After I have difficulties to answer and to show rigoursly the last part (conscerning the transitivity).
Moreover if you have any remarks on what I ve written in "1-" and "2-" I will be happy to read them.

Thank for your help.

Answer 1

The main problem in my understanding/ solving of this question is that I didn't know yet that we were talking about transitivity in a group. Indeed I thought that we were talking on the transitive relation.

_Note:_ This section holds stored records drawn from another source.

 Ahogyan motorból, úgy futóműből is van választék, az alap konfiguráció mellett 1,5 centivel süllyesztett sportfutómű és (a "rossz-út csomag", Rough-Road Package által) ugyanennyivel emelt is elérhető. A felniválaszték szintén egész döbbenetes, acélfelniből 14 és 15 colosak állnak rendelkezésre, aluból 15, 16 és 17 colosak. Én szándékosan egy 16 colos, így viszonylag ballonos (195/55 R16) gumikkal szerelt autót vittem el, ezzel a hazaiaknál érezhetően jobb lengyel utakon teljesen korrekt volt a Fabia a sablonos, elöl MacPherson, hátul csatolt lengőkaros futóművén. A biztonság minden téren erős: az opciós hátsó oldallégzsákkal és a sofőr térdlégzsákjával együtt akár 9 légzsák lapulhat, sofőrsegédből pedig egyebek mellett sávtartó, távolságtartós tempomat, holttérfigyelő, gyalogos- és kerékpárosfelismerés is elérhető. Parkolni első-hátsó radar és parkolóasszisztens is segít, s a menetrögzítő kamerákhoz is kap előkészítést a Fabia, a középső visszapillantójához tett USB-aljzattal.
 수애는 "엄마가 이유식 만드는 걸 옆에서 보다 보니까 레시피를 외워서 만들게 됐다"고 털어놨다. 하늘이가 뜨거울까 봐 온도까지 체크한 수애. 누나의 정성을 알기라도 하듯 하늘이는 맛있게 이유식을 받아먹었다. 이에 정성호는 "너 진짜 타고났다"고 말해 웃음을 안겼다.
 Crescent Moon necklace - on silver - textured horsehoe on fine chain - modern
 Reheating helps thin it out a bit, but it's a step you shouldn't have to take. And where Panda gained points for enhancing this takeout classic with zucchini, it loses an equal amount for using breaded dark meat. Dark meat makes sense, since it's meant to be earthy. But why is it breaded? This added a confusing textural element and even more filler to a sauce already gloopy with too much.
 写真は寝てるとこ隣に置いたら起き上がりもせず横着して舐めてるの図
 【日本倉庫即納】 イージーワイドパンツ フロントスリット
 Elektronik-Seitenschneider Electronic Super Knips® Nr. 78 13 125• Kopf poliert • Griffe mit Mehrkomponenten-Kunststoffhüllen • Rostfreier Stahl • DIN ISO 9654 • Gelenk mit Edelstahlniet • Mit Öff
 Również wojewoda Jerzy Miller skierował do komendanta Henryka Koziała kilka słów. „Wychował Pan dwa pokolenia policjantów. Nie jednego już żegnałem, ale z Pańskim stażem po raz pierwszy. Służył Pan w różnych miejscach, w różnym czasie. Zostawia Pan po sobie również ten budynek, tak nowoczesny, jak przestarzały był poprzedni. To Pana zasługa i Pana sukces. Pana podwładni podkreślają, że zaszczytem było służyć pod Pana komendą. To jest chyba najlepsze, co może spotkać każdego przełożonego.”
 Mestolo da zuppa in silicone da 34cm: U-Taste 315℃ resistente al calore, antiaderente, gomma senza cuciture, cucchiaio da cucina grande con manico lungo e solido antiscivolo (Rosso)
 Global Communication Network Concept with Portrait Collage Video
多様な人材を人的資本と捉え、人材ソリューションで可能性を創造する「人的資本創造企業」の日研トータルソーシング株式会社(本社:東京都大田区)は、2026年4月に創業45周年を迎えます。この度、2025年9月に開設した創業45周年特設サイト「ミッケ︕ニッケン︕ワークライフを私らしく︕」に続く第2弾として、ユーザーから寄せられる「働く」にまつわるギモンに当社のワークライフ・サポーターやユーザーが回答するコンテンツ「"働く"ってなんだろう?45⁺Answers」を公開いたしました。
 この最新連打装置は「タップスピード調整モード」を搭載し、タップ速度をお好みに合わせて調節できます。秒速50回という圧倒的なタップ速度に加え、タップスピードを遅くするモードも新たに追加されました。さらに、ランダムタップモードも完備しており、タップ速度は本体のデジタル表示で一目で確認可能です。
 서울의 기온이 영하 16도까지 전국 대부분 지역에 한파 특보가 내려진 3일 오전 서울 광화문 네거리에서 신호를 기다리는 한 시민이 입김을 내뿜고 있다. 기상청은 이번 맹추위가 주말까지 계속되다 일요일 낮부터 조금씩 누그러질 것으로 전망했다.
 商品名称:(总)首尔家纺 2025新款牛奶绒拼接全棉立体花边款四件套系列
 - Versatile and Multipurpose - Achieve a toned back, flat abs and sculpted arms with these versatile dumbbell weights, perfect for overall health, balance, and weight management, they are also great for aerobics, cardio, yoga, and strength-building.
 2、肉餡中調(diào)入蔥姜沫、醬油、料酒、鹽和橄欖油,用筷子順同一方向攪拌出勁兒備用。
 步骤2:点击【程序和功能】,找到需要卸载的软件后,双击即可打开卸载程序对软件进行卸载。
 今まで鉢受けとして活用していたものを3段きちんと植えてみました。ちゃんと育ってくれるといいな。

That's why now my question seems to me very basic. :'-) .

Based on the comment of https://math.stackexchange.com/users/2820/derek-holt

1-
Let first take an exemple in order to understand.
We take $n=7; i_1 , i_2 , i_3 = 2,1,4$. Now choose two "random" elements of $D(7; 2,1,4)$. For exemple $A=( \left \{ 3;6 \right \}, \left \{ 4 \right \}, \left \{1;2;5;7 \right \} )$ and $B=(\left \{ 5;7 \right \}, \left \{ 1 \right \}, \left \{2;3;4;6 \right \})$. Then $\sigma \in S_7$ can for exemple maps $\left \{1,2,3,4,5,6,7 \right \}$ to $ \left \{ 2,3,5,1,4,7,6 \right \} $ that means that $\sigma '$ maps $A$ to $B$.
More precisally $I_{1;A}=\left \{3; 6 \right \}$ and $ I_{1;B}=\left \{5; 7 \right \}$. So we define $ 3 \rightarrow 5$ , $6 \rightarrow 7$...etc...
Those here $S_7$ is our group and $\sigma$ is our "group action" on the set $D(7; 2,1,4)$. In order to prove the transitivity we then need to show that $\forall I_x, I_y \in D(7; 2,1,4) \Rightarrow \sigma \in S_7 $ s.t. $I_y = \sigma(I_x)$ and this is precisally waht we ve found here, a $\sigma \in S_7 $ that links $A$ and $B$.

2-
Now more generally let's take two specific $I_x, I_y \in D(n; i_1,i_2,...,i_r) \Rightarrow I'$ is of the form $I_x=(I_{1;x};...;I_{r;x}), I_y=(I_{1;y};...;I_{r;y})$. We need to prove that $\exists \sigma \in S_n$ s.t. $\sigma(I_x)= I_y$.
It is very easy to do that what we need to do is for exemple to index the elements of $I_{1;x}$ from $1$ to $i_1$, those of $I_2$ from $i_1+1$ to $i_1+i_2$, etc...
So $I_x$ looks like this $ I_x = \left\{1;2;...;i_1;i_1+1;...;i_1+i_2;i_1+i_2+1;...;i_1+...+i_r \right \}=\left\{1;2;...;i_1;i_1+1;...;n \right \}$ .
Proceed the same way for $I_y$ but instead we use the index $j$, hence $I_y$ looks like this $ I_y = \left\{1;2;...;j_1;j_1+1;...;j_1+j_2;j_1+j_2+1;...;j_1+...+j_r \right \}=\left\{1;2;...;j_1;j_1+1;...;n \right \}$
Now it is easy to construct a bijection from $I_x$ to $I_y$ as follow $\forall 1 \leq i \leq n \Rightarrow \sigma(i)=j=i$ that means that for exemple $\sigma$ maps the element indexed by $i_1$ to the element indexed by $j_1$.
And of course as all the elements of different indexes correspond to different numbers so $\sigma$ is a bijection in $S_n$.